Asset prices and interest rates worldwide have become more closely correlated in the wake of the unprecedented monetary easing by central banks in advanced economies, according to the Bank for International Settlements (BIS).
This closer correlation across borders following the global financial crises has created major challenges for policymakers in emerging market economies as witnessed by the sharp reversal in capital flows and bouts of market volatility from May last year through February 2014.
Deputy governors from 25 emerging market economies - including Brazil, China, Russia, South Africa, India and Turkey - discussed the impact of monetary policy in major advanced economies on their economies and how to manage the exit from highly accommodative policy at a meeting at the BIS' headquarters in Basel in March.

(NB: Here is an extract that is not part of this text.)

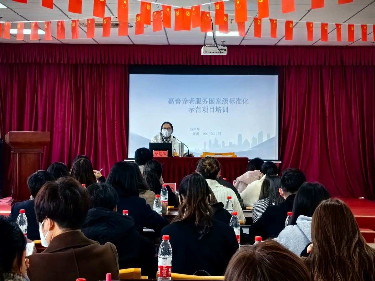 培訓邀請標準化高級工程師梁艷華對服務業組織標準化工作、標準編寫規則以及標準化案例等方面開展培訓。通過培訓,旨在深化參會人員對養老服務業標準化示范項目的理解和認識,穩步推進新標準體系框架編制、養老示范機構建設等工作。

BIS, which promotes international cooperation among central banks, has now released 24 background and contributed papers from this meeting on the topic of "The transmission of unconventional monetary policy to the emerging markets."
The papers can be accessed on BIS' website: www.bis.org.
The meeting focused on three main questions, including how external monetary conditions become a source of risk to monetary and financial stability in emerging markets, how central banks should respond to such shocks and whether there can be a greater international role for emerging market currencies.
"One major worry was the risk of an abrupt reversal of capital flows to EMEs," BIS said, adding:
"Central banks face difficult policy dilemmas in preserving financial stability while pursuing their monetary policy goals. It is hard for EME monetary authorities to counter a prolonged period of very low long-term interest rates and increased risk-taking in global financial markets."